In recent years, the olive oil market has been growing dramatically. The increasing interest in olive oil stems from both its unique rich taste and its health benefits and coincides with the growing public awareness to health food, as well as with the general increasing interest in gourmet food. The health benefits associated with olive oil consumption include controlling LDL level while raising HDL level and reducing risk of coronary heart diseases. These health benefits are attributed to the high level of monounsaturated fatty acids, mainly oleic acid, and to the relatively high content of minor nutrients, in particular anti-oxidants such as polyphenols. Studies also suggest beneficial effects of olive oil consumption on blood sugar level and on the gastrointestinal tract, including reducing the risk of ulcers, gastritis and colon cancer. Indeed, olive oil is considered by many to be superior to other vegetable oils. However, side by side with the prosperity in the olive oil market, the olive oil fraud industry flourishes as well. Olive oil is one of the most adulterated agricultural products. Customers are therefore becoming increasingly aware of the possibility that oil distributed as high quality olive oil is actually adulterated oil mixed with, or even consists almost entirely of, inferior oils of lower cost.

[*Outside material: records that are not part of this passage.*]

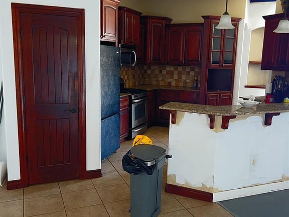 Storm shelter in garageMake-up vanityBeautiful open floor planShower and jetted tubStained cabinetsGranite countertopsDouble sinks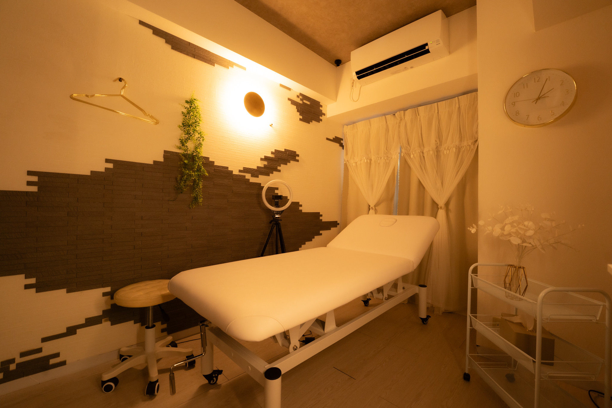 施術用ベッド、落ち着いた雰囲気でエステ、整体、リラクセーションに最適なスペース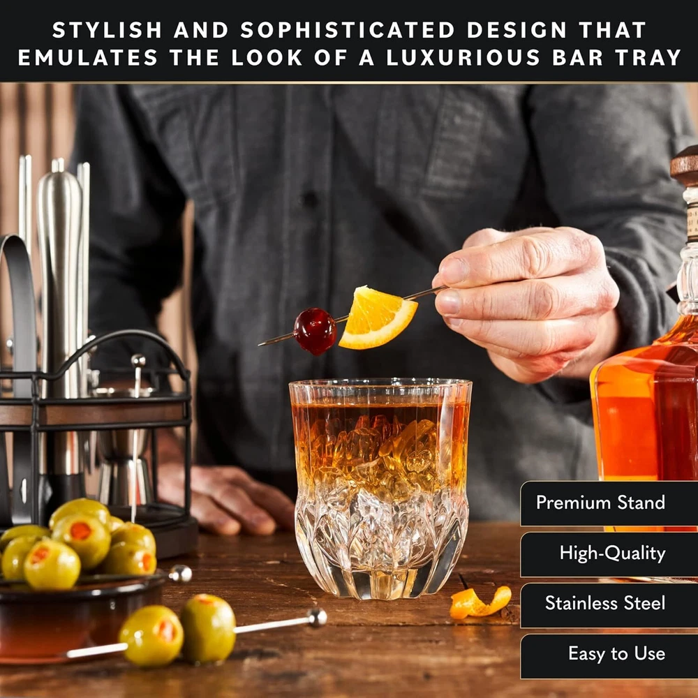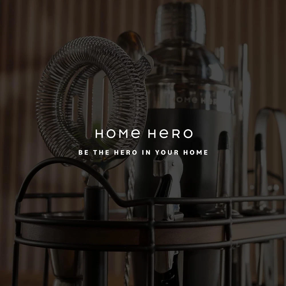 Home Hero 22-Piece Bar Set, Cocktail Shaker, Bartender Kit - Black Product Details Material: 22 Pcs - Silver Brand: Home Hero Color: Black Included Components: ['Cocktail Shaker', 'Hawthorne Strainer', 'Jigger', 'Bar Spoon', 'Muddler', 'Ice tongs', 'Wooden Stand'] Number of Pieces: 22 Manufacturer: Home Hero Package Dimensions: 12.32 x 8.43 x 7.6 inches Item Weight: 4.53 pounds Item model number: Bartender Kit Batteries required: No Included Components: ['Cocktail Shaker', 'Hawthorne Strainer', 'Jigger', 'Bar Spoon', 'Muddler', 'Ice tongs', 'Wooden Stand'] ['Cocktail Shaker', 'Hawthorne Strainer', 'Jigger', 'Bar Spoon', 'Muddler', 'Ice tongs', 'Wooden Stand']['Cocktail Shaker', 'Hawthorne Strainer', 'Jigger', 'Bar Spoon', 'Muddler', 'Ice tongs', 'Wooden Stand'] See more The 22-Piece Ultimate Bar Set - This all-inclusive bartender set is essential to any home bar. We have thoughtfully designed it in-house to include all the bar essentials like, strainers, bar spoons, cocktail shakers, muddlers, ice tongs, and much more. Be assured, your next party is sure to be a success! Includes An Elegant Wooden Stand - This bartender kit includes a beautifully crafted wooden stand that offers classic elegance to your home. Its quality build and sleek design will make this cocktail shaker stand out! Sleek & Classic Design - Our black and silver cocktail kit combines elegance and sophistication perfectly. Not only does it make a stylish statement, but it's also crafted with premium stainless steel materials that will last a long time. Recipe Book Included - Mix up your night with our cocktail bar kit! This fantastic set has all the bar tools necessary for crafting traditional and modern drinks. A helpful recipe book is included with directions for 10 delicious cocktails. Great Gift Idea - Our bartender kit is perfect for cocktail enthusiasts! All the bar accessories for the home bar set are all you need for crafting various drinks. Plus, this cocktail set comes packaged in a beautiful, giftable box.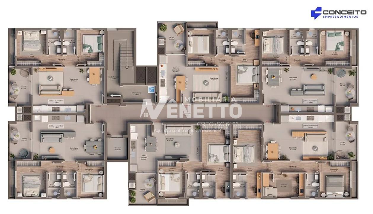 Diferenciais dos Apartamentos: - Sacadas com churrasqueira e vista panorâmica - Sala e cozinha integradas - Acabamento em porcelanato nas áreas sociais - Piso laminado nos dormitórios - Infraestrutura para climatização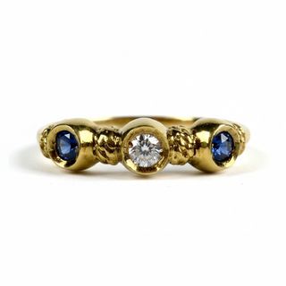 Elegante anillo de oro de 18 quilates con un diseño único. Cuenta con un diamante central de 0.05ct y dos zafiros azules a cada lado de 0.1ct en total. TALLA: 13 PESO: 1.83gr Incluye certificado de calidad emitido por joyeria, donde se detallan los materiales y caracteristicas de la pieza.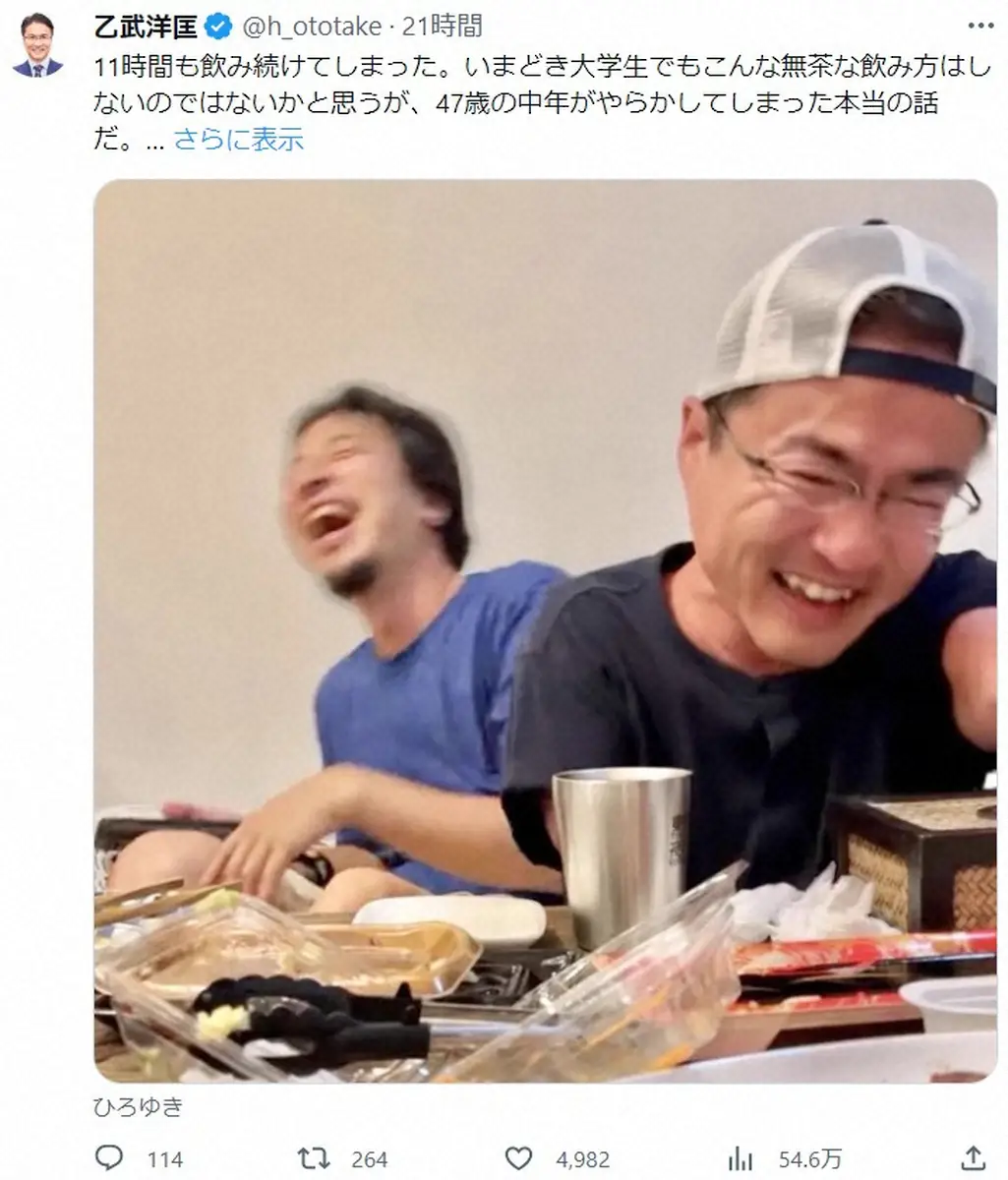 乙武氏は「11時間も飲み続けてしまった。いまどき大学生でもこんな無茶な飲み方はしないのではないかと思うが、47歳の中年がやらかしてしまった本当の話だ」と、飲み会が大盛り上がりしたことを投稿。2人で大笑いしている写真をアップした。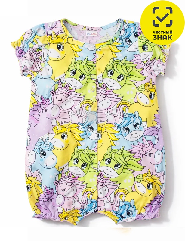 Песочник ясельный из набивного полотна, рукава короткие, округлая горловина окантована бейкой, застежка на кнопки по центру.

The awareness to health food products, as well as to their freshness and authenticity, has brought with it a new trend of small scale production of basic food products (e.g. bread) for self consumption at home or in small food establishments such as restaurants, delicatessen and specialized boutiques. This way control over freshness and ingredients is ensured. In accordance with this trend, small scale appliances, sized to be placed on a kitchen counter, such as bread machine, home-use coffee roasting device, etc., are now gaining popularity. With respect to olive oil, recent years show an increasing number of olive oil boutiques which specialize in production of high quality oil by careful selection of olives and close control over production. A household countertop cold press machine for producing small quantities of olive oil designed by the inventors of the present invention is described in international publication WO2010/007610. However, although olive oil can be consumed as is when freshly pressed from the fruit, the need to extract olive oil within a very short time from harvesting does not enable producing olive oil out of season or in countries distant from olive growing regions.
It is therefore the general object of the present invention to provide olives suitable for oil extraction all year round and/or at locations remote from olive growing regions.
In particular, it is all object of the invention to provide olives which retain their oil qualities for a prolonged storage period without adding chemical food preservatives.
It is a further object of the invention to provide methods for treating freshly harvested olives to substantially retain their oil quality for a prolonged time after being treated so as to enable extraction of high quality oil from the olives at a prolonged time after they have been harvested.